Since 2018, The BEE Community has been providing friendship and employment opportunities for special needs adults in the Bryan-College Station community. 

The BEE Community provides gainful employment for adults with special needs and a place to belong for all.

After watching her students with special needs graduate with limited employment options, BEE Community executive director Taylor Ellerbrock sought to provide an opportunity to work and belong for adults with all abilities. Ellerbrock collaborated with similarly-minded Rick and Carolyn Jones, who have daughters with special needs, to form the BEE Community, which opened its doors in 2018. Adults who work at the BEE Community are trained as artisans, crafting various quality goods sold locally and in their online store

According to the BEE Community website, up to 80 percent of adults with intellectual and developmental disabilities are unemployed. 

“The BEE Community provides a hope-filled sustainable solution to this crisis of unemployment and isolation in Bryan-College Station … [it’s] a place for people with and without disabilities to enter into authentic relationships,” the website reads.

 

Ellerbrock said the BEE Community has helped her grow as a person through the relationships she’s formed with adults with special needs.

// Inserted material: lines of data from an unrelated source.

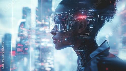 Vision of Tomorrow: A futuristic woman wearing high-tech glasses stares out at a cityscape.
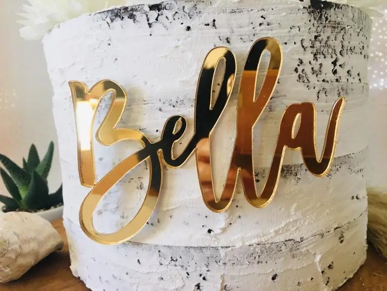 Сценарий формулировка имя Шарм Зеркало акриловое волокно, кекс день рождения торт Топпер, изготовленный на заказ торт табличкой именинный торт фигурки жениха и невесты; Вечерние украшения
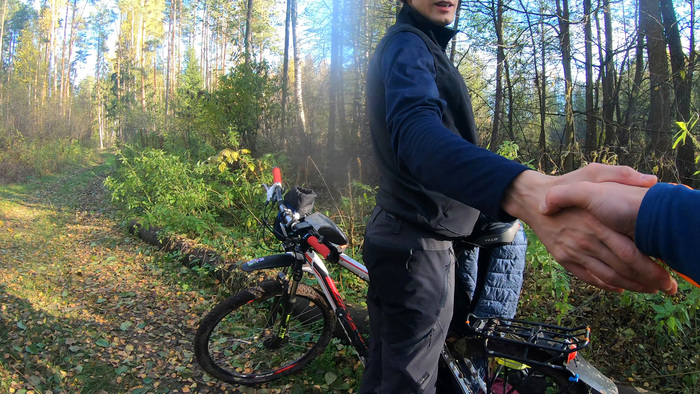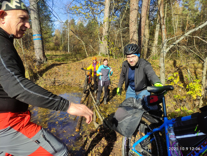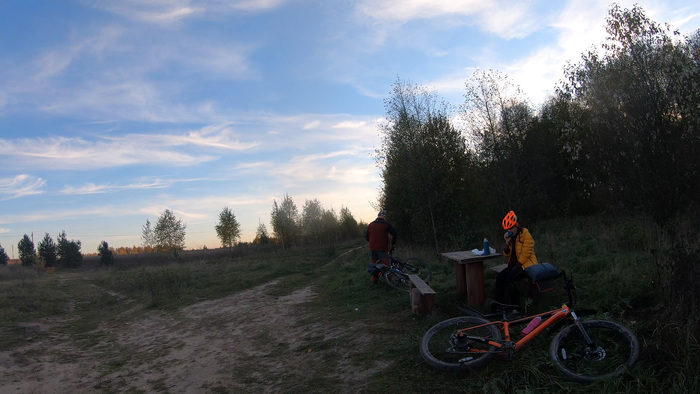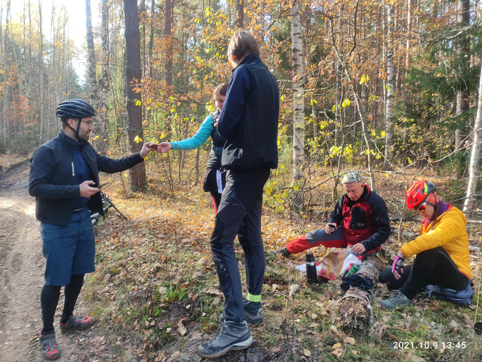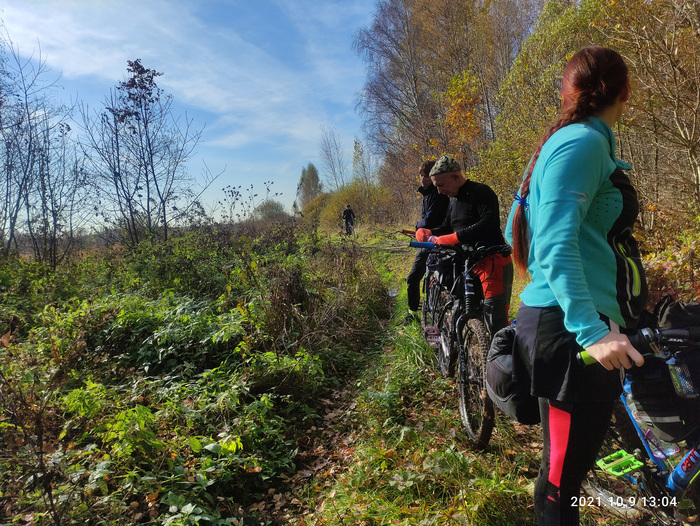 Всё так же едем втроем в пределах видимости, иногда разъезжаясь и снова догоняя друг друга. На 100_м километре остановились для зеленой остановки и немного перекусить. Тут выяснилось, что кабель для зарядки телефона я оставил в номере… Хорошо, что все это время мой телефон был выключен, т.к. пользовались навигатором Иры. А так бы помимо педали, я б лишился еще и навигации посреди маршрута, а без неё было бы сложно выбраться из леса по этой хитросплетённой сети дорожек и троп.
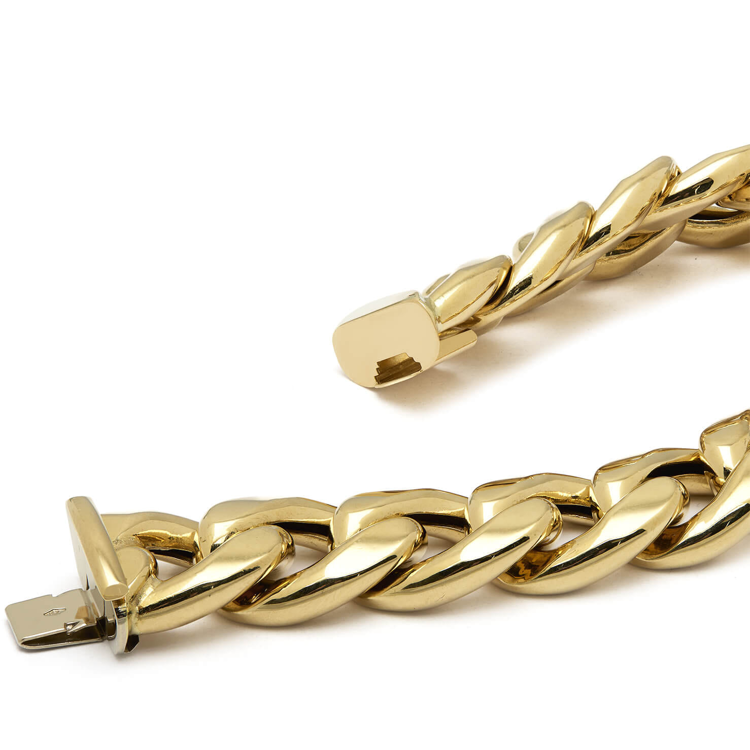Bracciale realizzato in oro giallo 18kt catena maglia cubana. Lunghezza 21cm
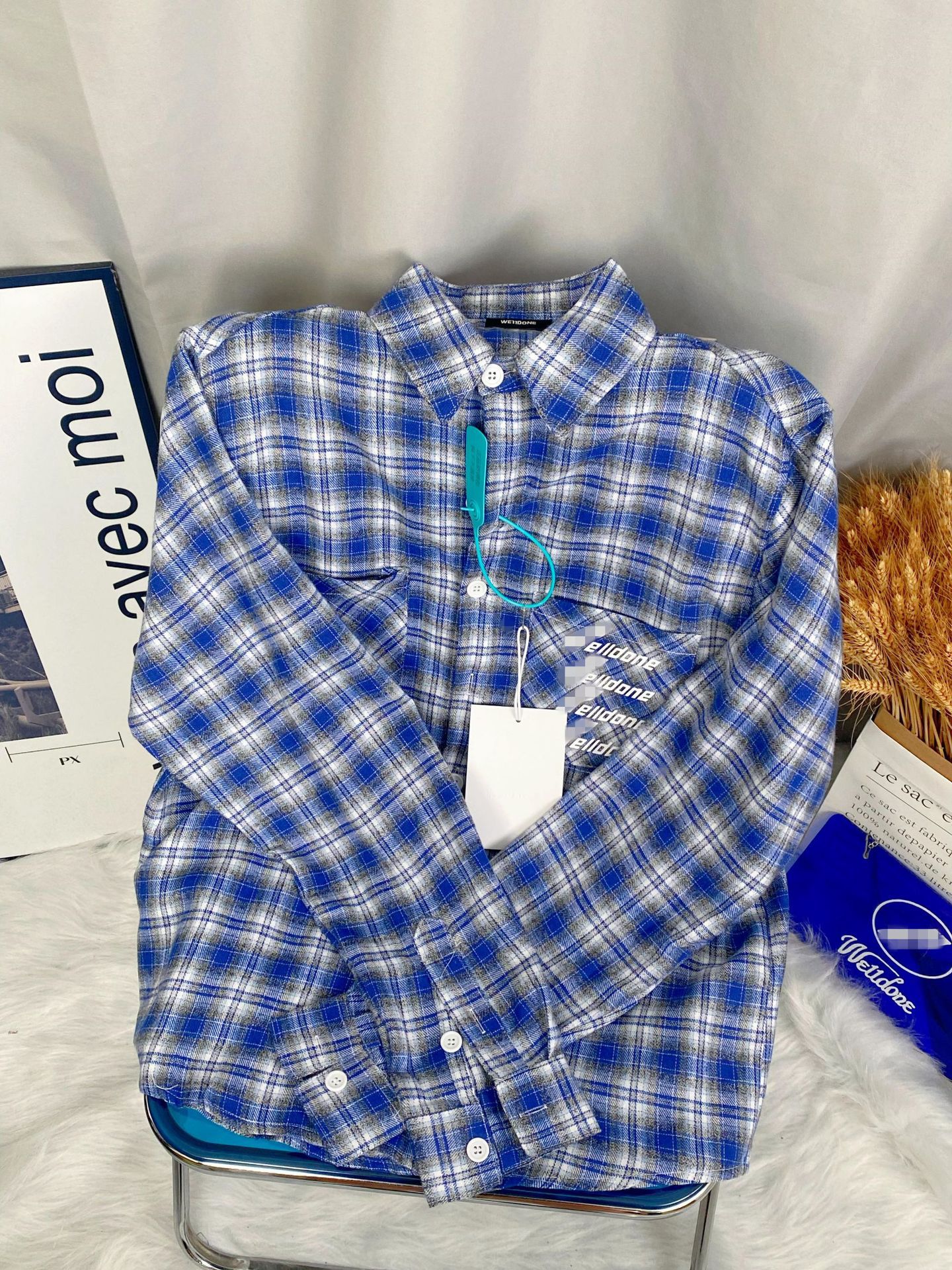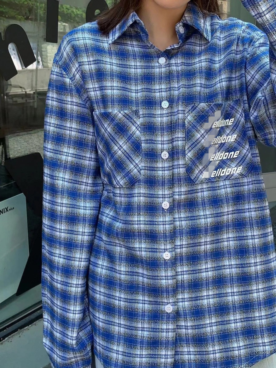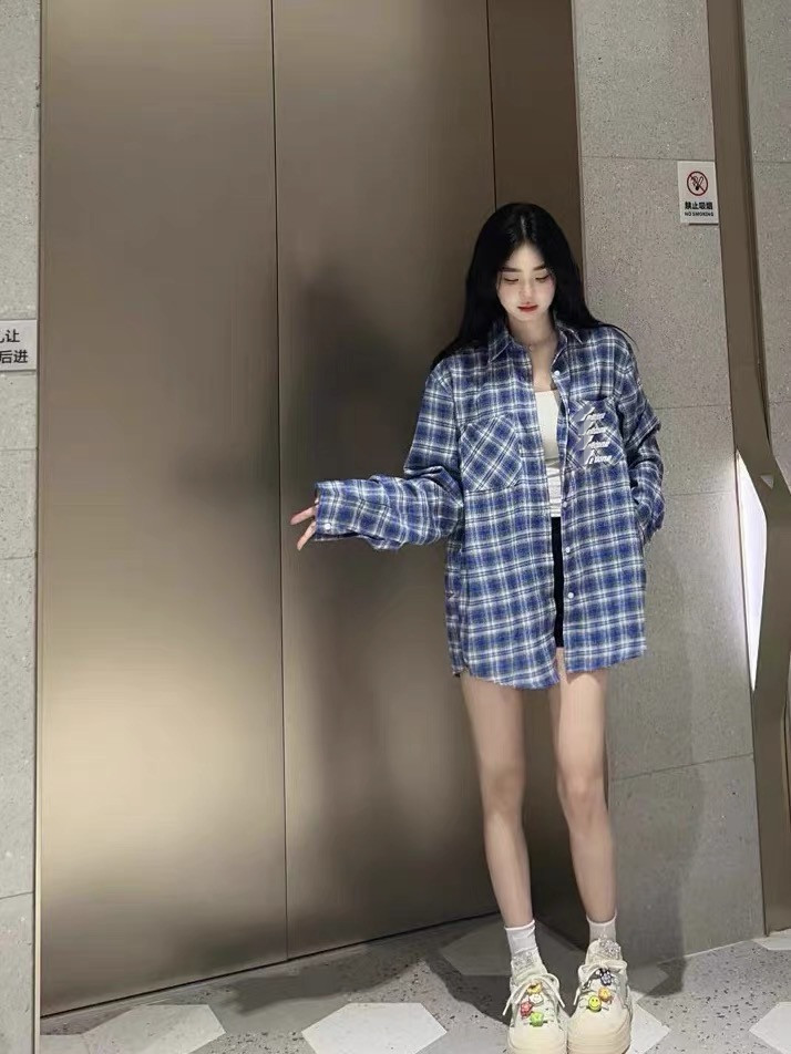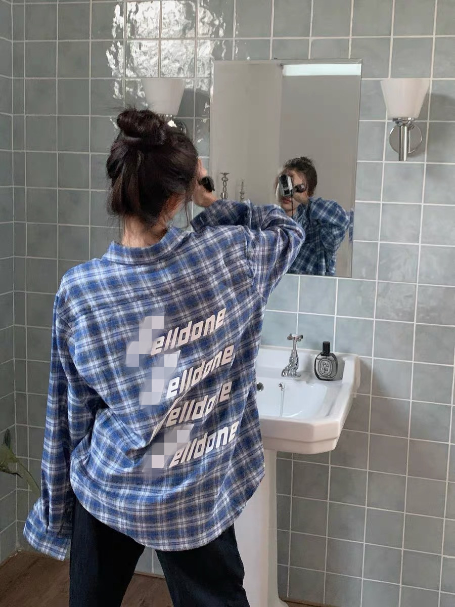 经典数据款弹幕字母LOGO印花蓝色格子衬衫休闲宽松外套外贸批发스토어 가기
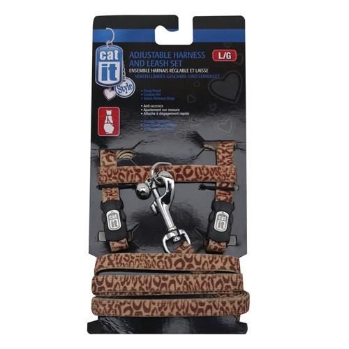 Ensemble harnais réglable & laisse Catit Style, motif Animal. Dim harnais : cou, L. 20-35 cm corps, l. 8 mmxL. 35-50 cm. Dim laisse : l. 8 mmxL. 1,2 m. Nylon anti-accrocs résistant. Harnais muni de curseurs pour un ajustement sur mesure et d'un grelot. Anneau en D pour y attacher la laisse et une plaque d'identification.
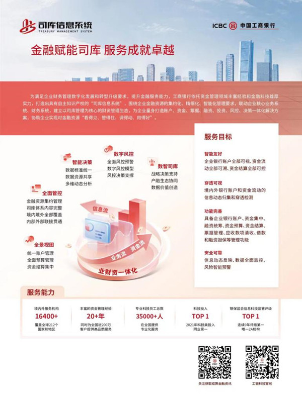 推介会上记者了解到,为满足企业财务管理数字化转型升级需求,工商银行依托资金管理领域丰富服务经验和金融科技雄厚实力,打造出具有自主知识产权的“司库信息系统”,围绕企业财资管理集约化、精细化、智能化升级要求,联动企业核心业务系统、财务系统等,建立以司库管理为核心的财资管理生态,为企业量身打造监控、运营、流程、战略及资源配置一体化解决方案,协助企业实现对多银行账户、资金,票据、融资等金融资源“看得见、管得住、调得动、用得好”,实现“业务—资金—财务”的一体化流程处理及业务高效协同。

“I personally have been impacted by it, as have the volunteers that work with us,” Ellerbrock said. “They use their expertise and gifts to contribute to our mission. I think getting to see our artisans impact our volunteers contributes to a more dignifying narrative, where there is mutuality and a relationship and give and take.”

Ellerbrock said the products the artisans create can vary by type, but are all of high quality.

“The products include soaps and candles,” Ellerbrock said. “We have a pet line that includes dog treats and shampoo. We have a stationary line where our artisans shred confidential documents from members of the community to then recycle the shreds into handmade stationary. We also have a jewelry line as well.”

For those interested in seeing the BEE Community firsthand, artisan supervisor Shelby Zerwas, Class of 2021, said tours are available.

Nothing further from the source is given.